Per poi sottolineare, nel merito delle eccezioni sollevate: “A due anni e mezzo dall’apertura del processo, la difesa ripropone una questione già affrontata. È tecnicamente inammissibile, perché è già stata decisa, non ci sono elementi o fatti nuovi”. Per Colaiocco “immaginare che rispetto al processo, di cui non abbiamo certezza se gli imputati hanno avuto notizia, abbiano comunque avuto timore, diventa una connessione logica che crea un cortocircuito dal quale non si esce”. Tradotto, “delle due l’una: o diciamo che non ne hanno avuto notizia, o dobbiamo dire che ne hanno avuto notizia e ne hanno avuto timore. Sono due ipotesi alternative. Qui è tutta un’ipotesi, di ipotesi, di ipotesi. Tutto posto sulla base di nessun dato fattuale nuovo, pertanto chiediamo inammissibilità in primis, e in subordine il rigetto”.
Considerazioni alle quali si sono associati anche l’avvocata Alessandra Ballerini e il collega Giacomo Satta, legali di Claudio e Paola Regeni, i genitori di Giulio (oggi assenti in Aula): “Non c’è alcuna evidenza da cui risulti che lo Stato egiziano abbia cambiato approccio, anzi l’Egitto si è rifiutato di notificare citazioni testimoniali e dunque la circostanza che la situazione fattuale e giuridica sia mutata e che gli odierni imputati siano poi effettivamente venuti a conoscenza, mediante la notifica del decreto di citazione, è una circostanza che non solo è indimostrata, ma è smentita dall’atteggiamento che lo Stato egiziano continua a mantenere rispetto a questo processo”.
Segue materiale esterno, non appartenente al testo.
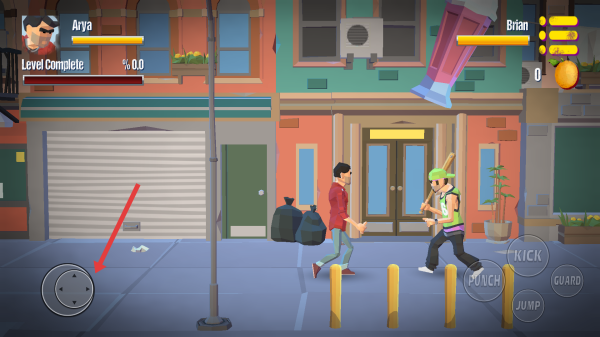 2、戰(zhàn)斗時,用左側搖桿控制角色移動,靠近敵人如持棒球棍的Brian,準備攻擊。
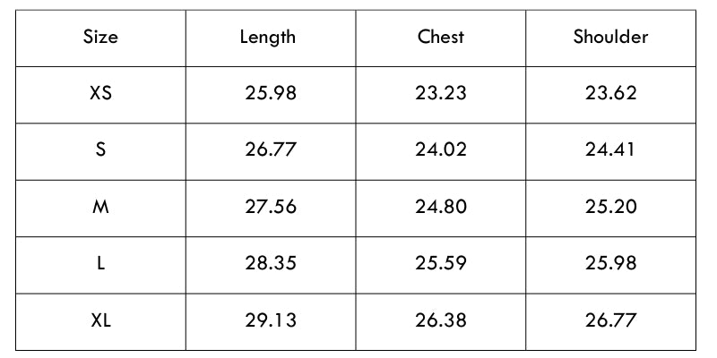 Size Chart (Inches)
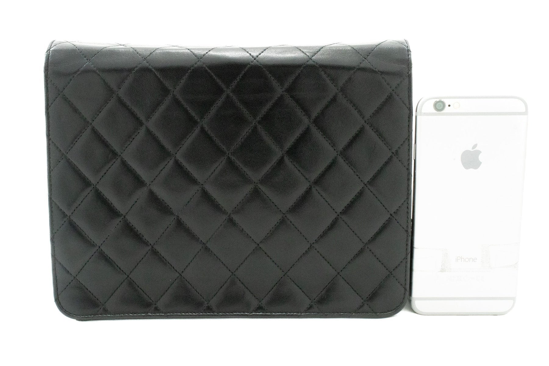 An CHANEL Small Chain Shoulder Bag Clutch Black Quilted New made of black Lambskin.

E ancora: “Manca anche la prova che gli stessi siano intimoriti dalla partecipazione al processo”, ha continuato Satta. Mentre Ballerini ha ricordato come “non sono stati espressi minimamente e né potevano essere espressi i timori da parte degli imputati, questa è l’enorme differenza rispetto ai teste citati, come ‘Zeta’. Tant’è vero che l’imputato Sharif era firmatario del mandato di cattura che era costato 5 mesi di carcere e di tortura a questo testimone, che invece aveva espresso pubblicamente i suoi timori”. Parole contestate, invece, dalla difesa dell’imputato.
La Corte d’Assise – ha sottolineato la presidente Paola Roja – si è riservata di decidere “in tempi rapidi”. Al momento, ha precisato, “il calendario è confermato“, a partire dalla requisitoria del pm Colaiocco, prevista per il 23 giugno nell’Aula bunker di Rebibbia a Roma. Ma è chiaro che sulle tempistiche tutto dipenderà dalla decisione della Corte rispetto alle eccezioni sollevate dalle difese, compresa la data per la sentenza. “Daremo un termine ora se ci fossero ulteriori richieste di produzioni documentali, entro il 15 giugno in cancelleria”, ha però avvertito Roja, invitando le parti a “ricomparire, per ora, senza nuovi avvisi”.